Could the adoption of sustainable finance could mark a turning point for the country’s fragile banking sector? It has not been a season of stability for Turkey’s economy. Since 2016 when the country experienced a failed coup d’état, unending crises have made Turkey’s economy one of the most vulnerable in emerging markets. This, according to Dominik Rusinko, an Economist at KBC Group, is a result of “misguided, or outright wrong economic policies.”

Turkey’s apex bank has not been spared. In a span of two years, President Recep Tayyip Erdoğan has dismissed three governors. The changes have rattled financial markets with foreign investors increasingly becoming jittery at a time when Turkey is in desperate need for inflows. “The future path of the Turkish economy remains uncertain and bumpy particularly in the absence of a more orthodox economic policy,” observes Rusinko.

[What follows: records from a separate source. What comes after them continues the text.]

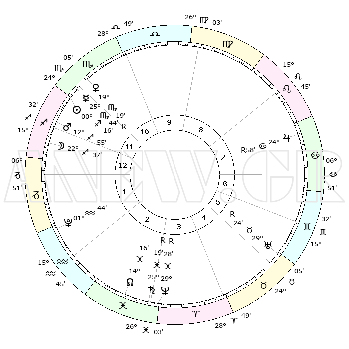 | | ΘΕΣΕΙΣ ΠΛΑΝΗΤΩΝ ΑΣΤΡΟΛΟΓΙΚΟΥ ΧΑΡΤΗ ΤΗΣ ΣΤΙΓΜΗΣ ΑΥΤΗΣ | | | | Πλανήτης | Ζώδιο | Μοίρες | Δεκαήμ. | Σε οίκο | Απόκλιση | | Ακμές των οίκων | | Ηλιος | Τοξότης | 00°13' | Πρώτο | 12 | 20 S 11 | | 1ος | 17°50' | Τοξότης | | Σελήνη | Τοξότης | 21°56' | Τρίτο | 1 | 28 S 09 | | 2ος | 22°06' | Αιγόκερως | | Ερμής | Σκορπιός | 25°48'R | Τρίτο | 11 | 18 S 05 | | 3ος | 00°45' | Ιχθείς | | Αφροδίτη | Σκορπιός | 19°15' | Δεύτερο | 11 | 16 S 34 | | 4ος | 06°14' | Κριός | | Αρης | Τοξότης | 12°52' | Δεύτερο | 12 | 22 S 55 | | 5ος | 04°34' | Ταύρος | | Δίας | Καρκίνος | 24°58'R | Τρίτο | 8 | 21 N 16 | | 6ος | 27°25' | Ταύρος | | Κρόνος | Ιχθείς | 25°19'R | Τρίτο | 3 | 04 S 04 | | 7ος | 17°50' | Δίδυμοι | | Ουρανός | Ταύρος | 29°24'R | Τρίτο | 6 | 19 N 49 | | 8ος | 22°06' | Καρκίνος | | Ποσειδώνας | Ιχθείς | 29°28'R | Τρίτο | 3 | 01 S 28 | | 9ος | 00°45' | Παρθένος | | Πλούτωνας | Υδροχόος | 01°44' | Πρώτο | 2 | 23 S 26 | | 10ος | 06°14' | Ζυγός | | Β. Δεσμός | Ιχθείς | 14°16' | Δεύτερο | 3 | 06 S 11 | | 11ος | 04°34' | Σκορπιός | | Ωροσκόπος | Τοξότης | 17°50' | Δεύτερο | | | 12ος | 27°25' | Σκορπιός | | Μεσουράνημα | Ζυγός | 06°14' | Πρώτο | | | |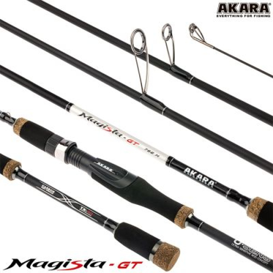 Спиннинг Akara Magista GT (21-62) – джиговый тубулар спиннинг средне-быстрого строя, новинка 2020-го года. Это обновленная линейка уже зарекомендовавших себя спиннингов Akara Magista, исполнена с использованием современных технологий. Cпиннинги собраны на основе бланка из высокомодульного карбона TX-30 (40-ton) производства Японско-го концерна Toray. При производстве используется современная технология UPIT (Under Pressure Innovative Technology) при которой бланк спиннинга накатывается под давлением в термической камере. Использование данной технологии позволяет создать бланки с минимальным количеством связующего вещества и высокой плотности скручивания. Это делает спиннинги звонкими, чувствительными, при полном сохранении прочностных характеристик. Катушкодержатель имеет эргономичную форму, выполнен из высокопрочного пластика, что исключает люфты при установке катушки и обеспечивает удобный и надежный хват во время ловли. Данные спиннинги оснащены облегченными кольцами из оксида циркония Kujira XR Long Super Hard ZrO2 (1600-1800H, kg/mm2) расставленными по технологии New Guide System, которая позволяет оптимально расположить кольца на бланке, определить их количество и размер (вес). Подходит как для ловли с лодки, так и с берега.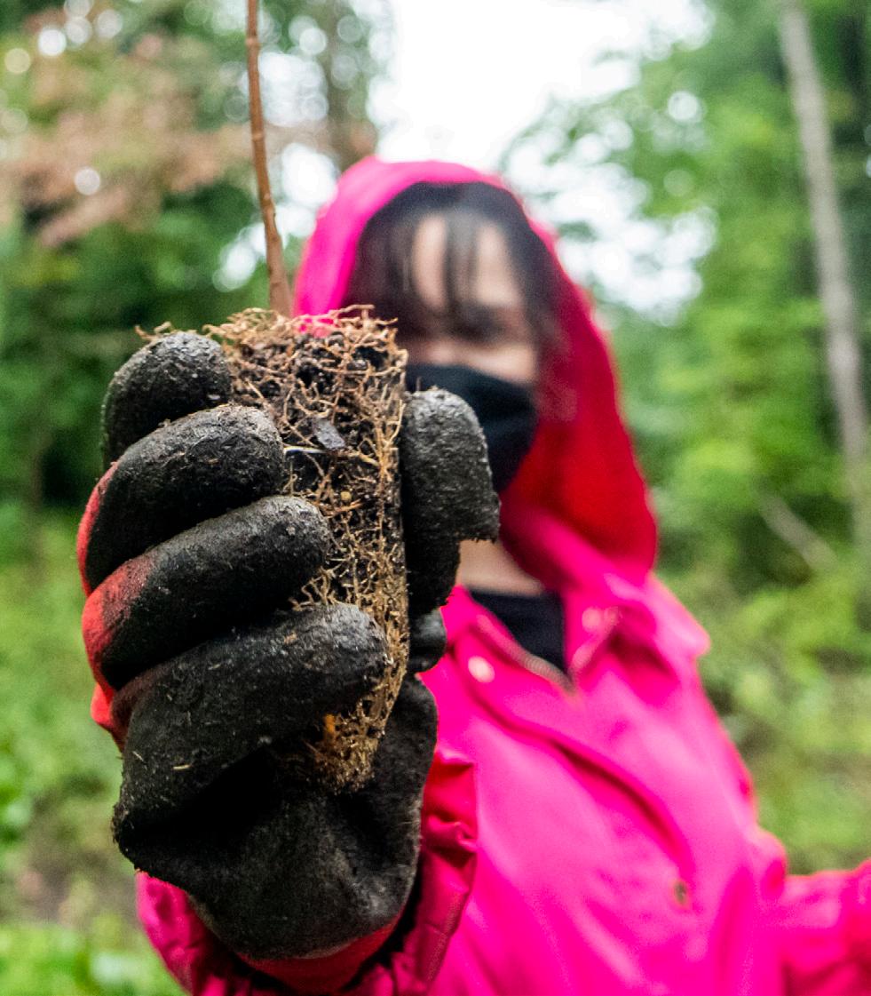 Inspired by her superimposition series, Kehoe invites us to take action in our own hands in 200 Trees (2022), a two-part piece that consists of a video projection and performance piece followed by a socially engaged tree planting action.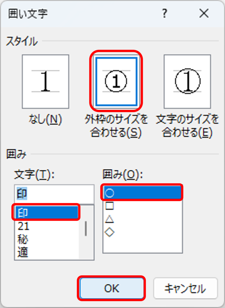 このダイアログボックスで、「囲み」を選択し、丸印 の種類を選んで「OK」をクリックします。丸印の種類には、黒丸、白丸、黒四角 などがあり、それぞれ異なる意味を持っています。例えば、黒丸は選択肢の選択を示すために使用され、白丸は選択肢の未選択を示すために使用されます。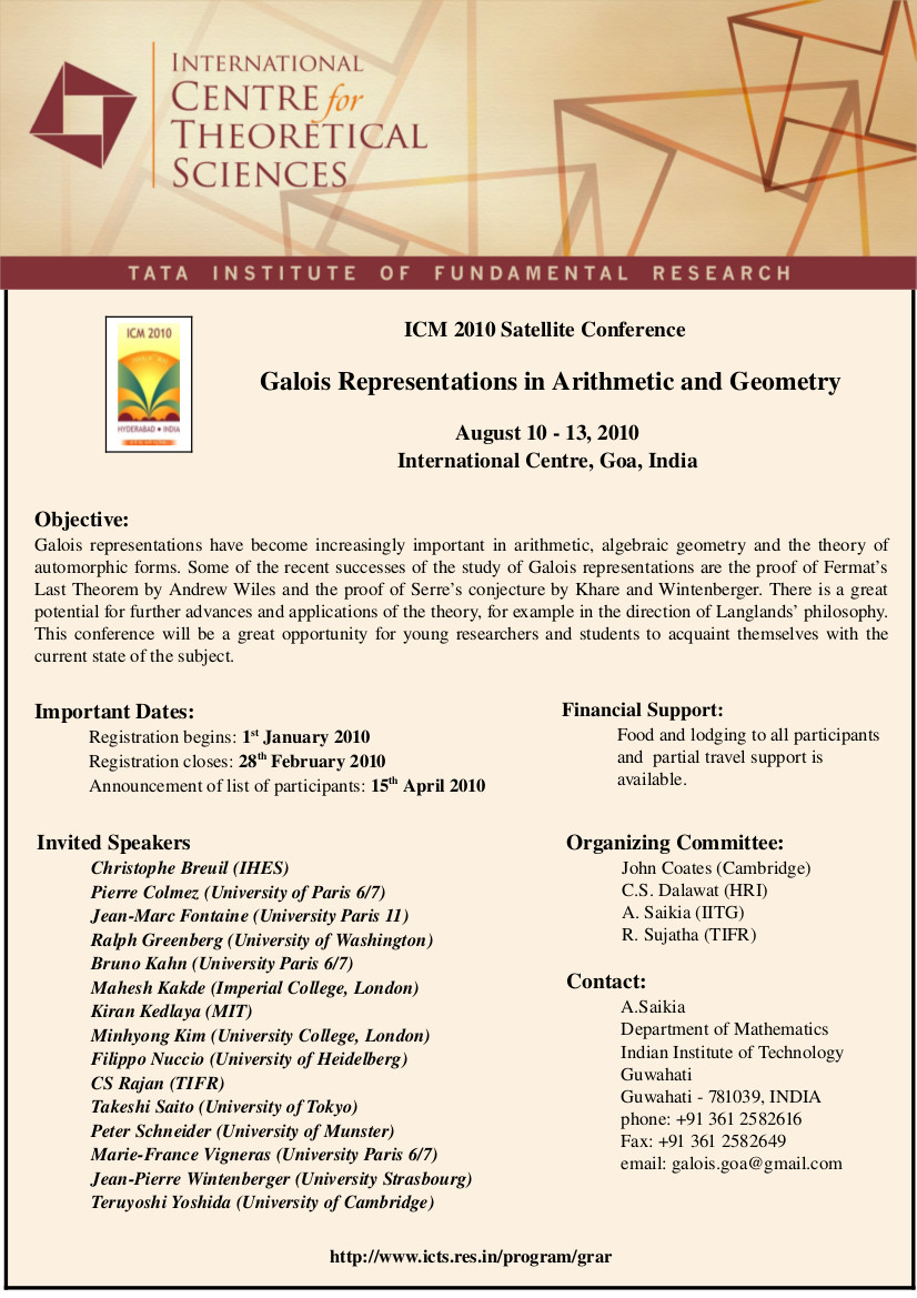 Interested researchers are requested to fill in the registration form and send it to the following email address: galois.goa@gmail.com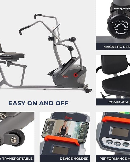 Sunny Health & Fitness Smart Recumbent Bike, Full-Body Home Training with Arm/Leg Exercisers, Indoor Cycling Workout Machine Plus Adjustable Seat & Bulit-in Pulse Sensors, Free SunnyFit App Connection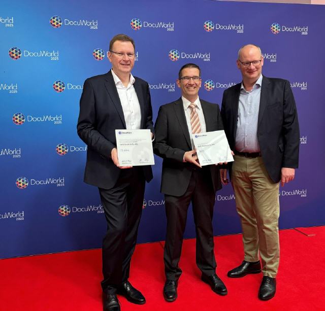 Seit 15 Jahren sind wir verlässlicher Ansprechpartner, wenn es um modernes, digitales Dokumentenmanagement geht, und unsere enge Partnerschaft mit DocuWare hat es uns ermöglicht, unseren Kunden über all die Jahre effiziente und zukunftssichere Lösungen anzubieten. Ein besonderes Highlight in diesem Jahr war die DocuWorld in Berlin, auf der Felix von Renz die Auszeichnung für 15 Jahre DocuWare-Partnerschaft entgegennahm, feierlich überreicht von Dr. Michael Berger (CEO) und Hermann Schäfer (Chief Sales & Marketing Officer).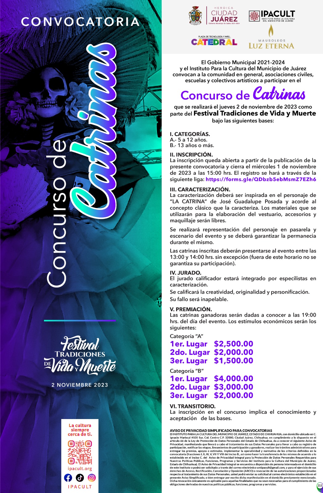 CD. JUAREZ, CHIH.- El Gobierno Municipal de Juárez 2021-2024, a través del Instituto para la Cultura del Municipio de Juárez (IPACULT), convoca a la comunidad, asociaciones civiles, escuelas y colectivos artísticos a formar parte del concurso de catrinas, evento que se llevará a cabo el día 02 de noviembre, dentro del “Festival Tradiciones Vida y Muerte”.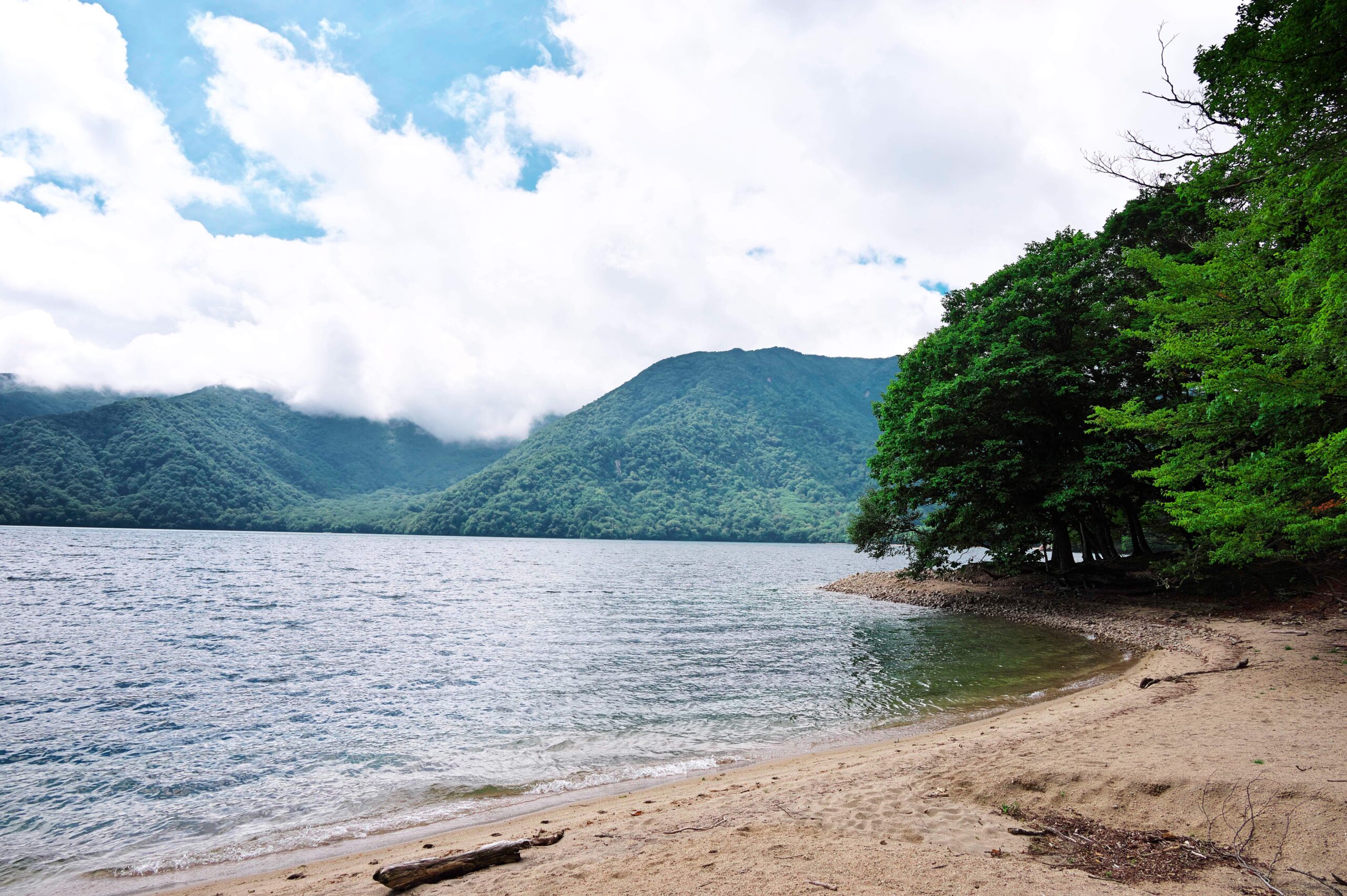 峠を越えて中禅寺湖北側の熊窪では、波の打ち付ける白い浜が広がっています。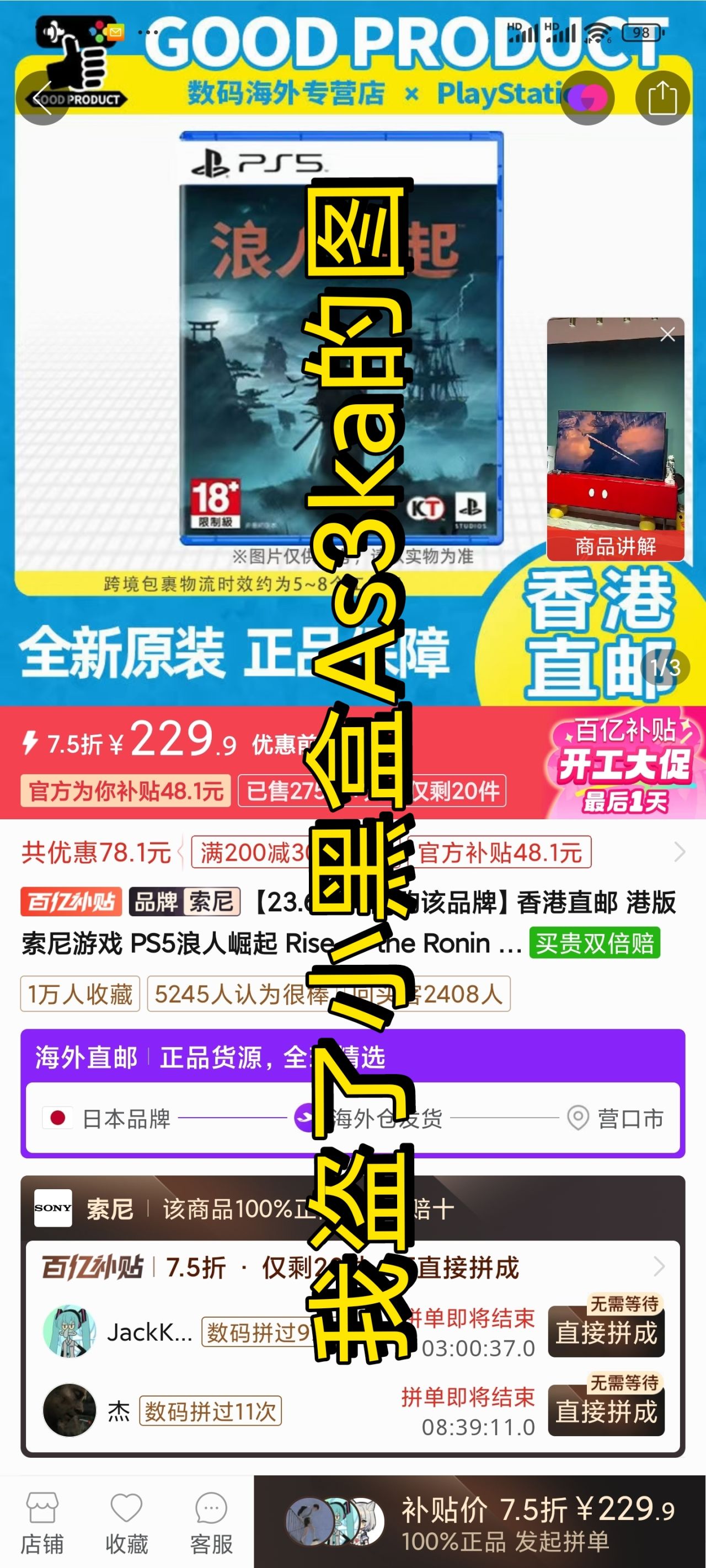 然後說一下浪人崛起這個遊戲,最近我個人建議是不降到對馬島那個級別不要入手,我也有充分理由懷疑忍組遊戲的降價潛力,忍組遊戲由於技術力不足跟遊戲機制設計理念過於獨特,作品很挑人,比fs社全家桶還挑人,一直走不出小衆愛好者這個圈子,雖然我對臥龍情有獨鍾,但是忍組遊戲註定目前不保值的。。。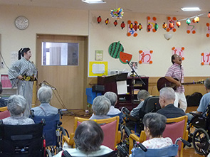 | ① | 平成27年8月22日(土)に、ご夫婦二人で活躍している市内在住のボランティア“笑屋(わらいや)”が訪問してくれました。 |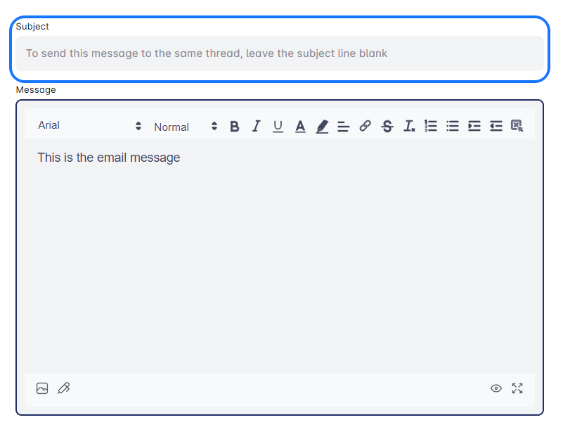 - If you want to send emails in the same thread, leave the Subject line blank.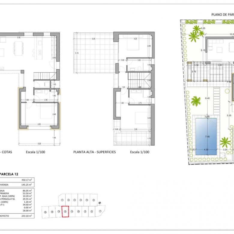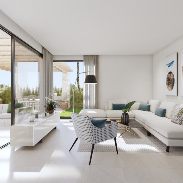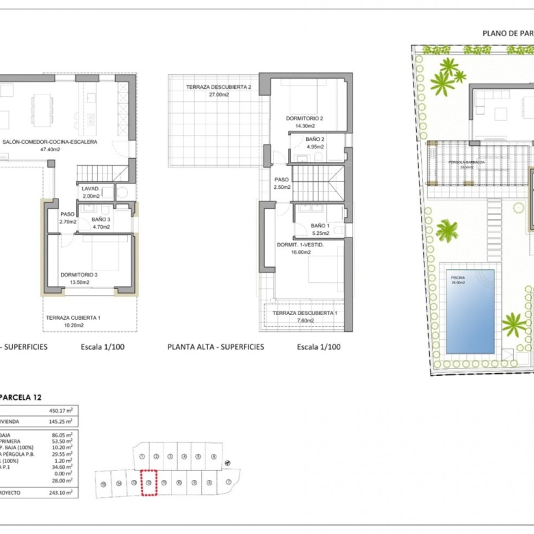Villas de style moderne avec 3 chambres, 3 salles de bains, cuisine ouverte, grand salon avec accès à la terrasse, jardin privé avec piscine et parking.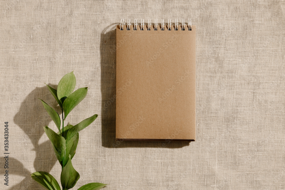 Blank brown vintage notebook, leaves on beige linen fabric in the morning. Minimalistic workplace concept. Top view on background with copy space. Summer flat lay
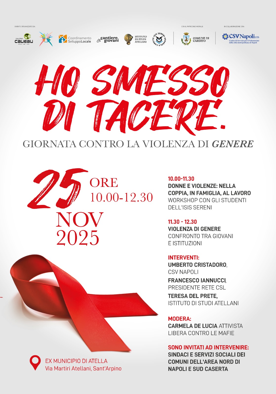 In occasione della Giornata internazionale per l’eliminazione della violenza contro le donne, si terrà lunedì 25 novembre 2025, presso l’ex Municipio di Atella (via Martiri Atellani, Sant’Arpino), l’iniziativa “Ho smesso di tacere”, una mattinata di confronto e sensibilizzazione promossa da Collettivo Caveau, Espera Odv, Coordinamento Sviluppo Locale, Cantiere Giovani e Istituto di Studi Atellani, con il patrocinio del Comune di Cardito e la collaborazione del CSV Napoli.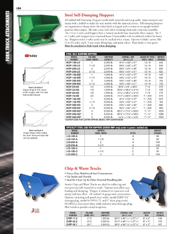 FORK TRUCK ATTACHMENTS dump with a forklift or make the unit mobile with the optional casters. Self dumping hoppers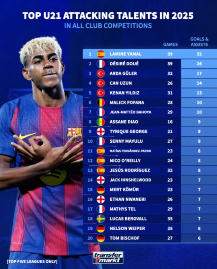 直播吧10月10日讯德国转会市集清点了2025年俱乐部层面各项赛事参与进球最多U21球员,亚马尔39场32球居首,杜埃39场26球位居次席。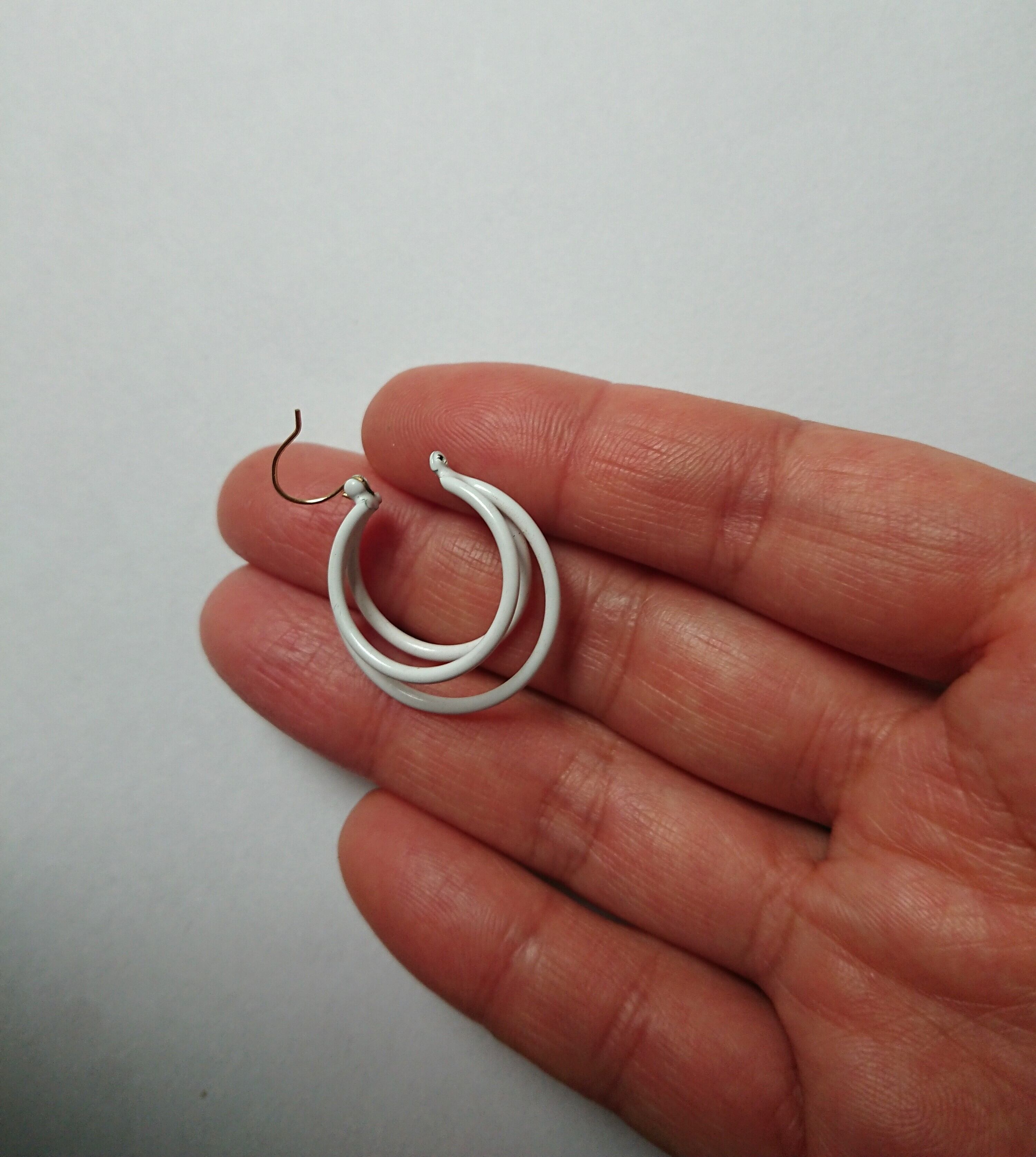 ゴールドメタルにホワイト色のフープデザインがとても素敵なピアスです。

In recent years, Turkey has become a darling for investors due to a conscious drive towards sustainable development. As one of the countries most affected by climate change, desertification and natural disasters such as droughts, floods and landslides, the country has made a shift towards sustainability. In fact, despite being on the fringes of the European Union, Turkey has embraced the push for net-zero greenhouse gas emissions by 2050.

“Measures to incentivise a green recovery, and begin a green transformation, can keep Turkey at a competitive advantage as global markets decarbonise,” said Auguste Kouame, Turkey World Bank Country Director in April. He added that a more diversified and greener financial system would support a resilient, sustained recovery.

This is a challenge that Turkey’s banks are embracing wholeheartedly. It emanates from the understanding that banks have the potential to facilitate a green transition by mobilising capital for sustainable, green-led growth. For the industry, climate change and environmental issues have become an important source of risk and opportunity. “If you don’t take care of the environment, the environment will take care of itself,” said Ahmet Can Yakar, ICBC Turkey managing director, project finance department, during a sustainable finance webinar in April. In effect, sustainable finance is fast taking root in Turkey, a country that is attracting interest from ESG-focused domestic and international investors and issuers.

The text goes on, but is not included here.